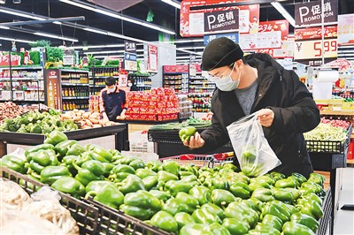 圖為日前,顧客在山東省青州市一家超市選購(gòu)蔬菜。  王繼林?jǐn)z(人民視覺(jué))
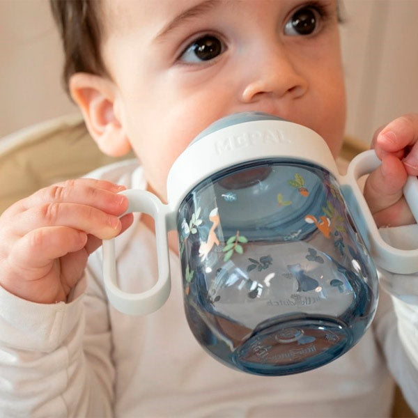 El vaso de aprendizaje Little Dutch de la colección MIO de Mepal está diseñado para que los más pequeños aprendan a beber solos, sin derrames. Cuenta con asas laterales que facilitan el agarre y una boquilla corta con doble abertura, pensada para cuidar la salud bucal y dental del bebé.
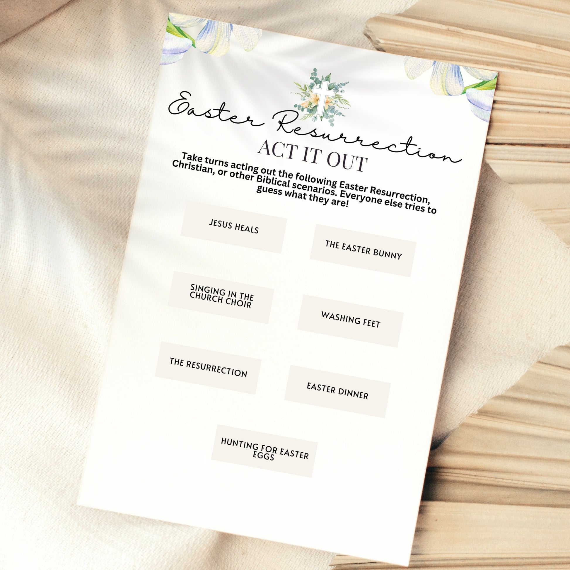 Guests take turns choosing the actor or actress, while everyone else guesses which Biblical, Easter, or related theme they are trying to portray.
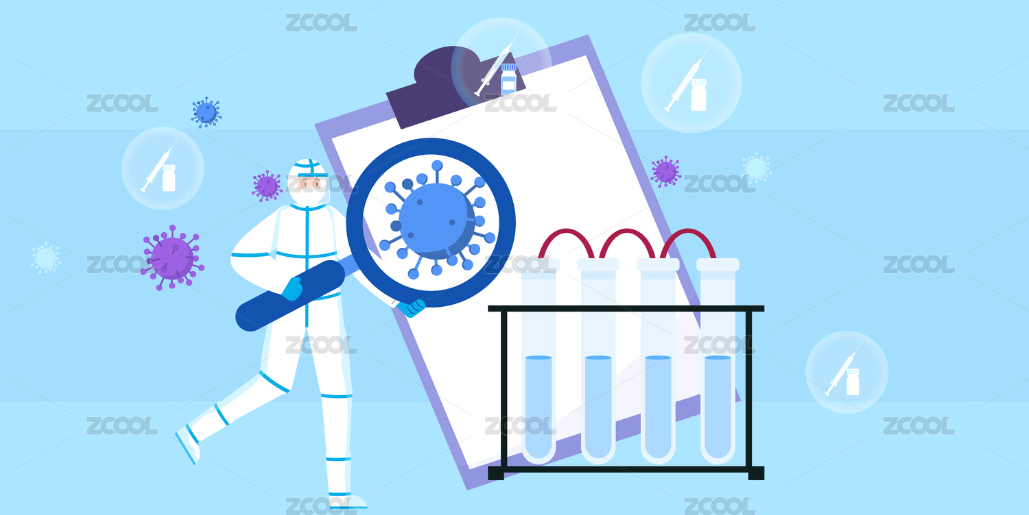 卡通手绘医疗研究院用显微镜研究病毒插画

Task to complete:
Each line of the data must be restated exactly, and the pictures must be left out.

Answer section:
 圖為日前,顧客在山東省青州市一家超市選購(gòu)蔬菜。  王繼林?jǐn)z(人民視覺(jué))
 El vaso de aprendizaje Little Dutch de la colección MIO de Mepal está diseñado para que los más pequeños aprendan a beber solos, sin derrames. Cuenta con asas laterales que facilitan el agarre y una boquilla corta con doble abertura, pensada para cuidar la salud bucal y dental del bebé.
 Guests take turns choosing the actor or actress, while everyone else guesses which Biblical, Easter, or related theme they are trying to portray.
 卡通手绘医疗研究院用显微镜研究病毒插画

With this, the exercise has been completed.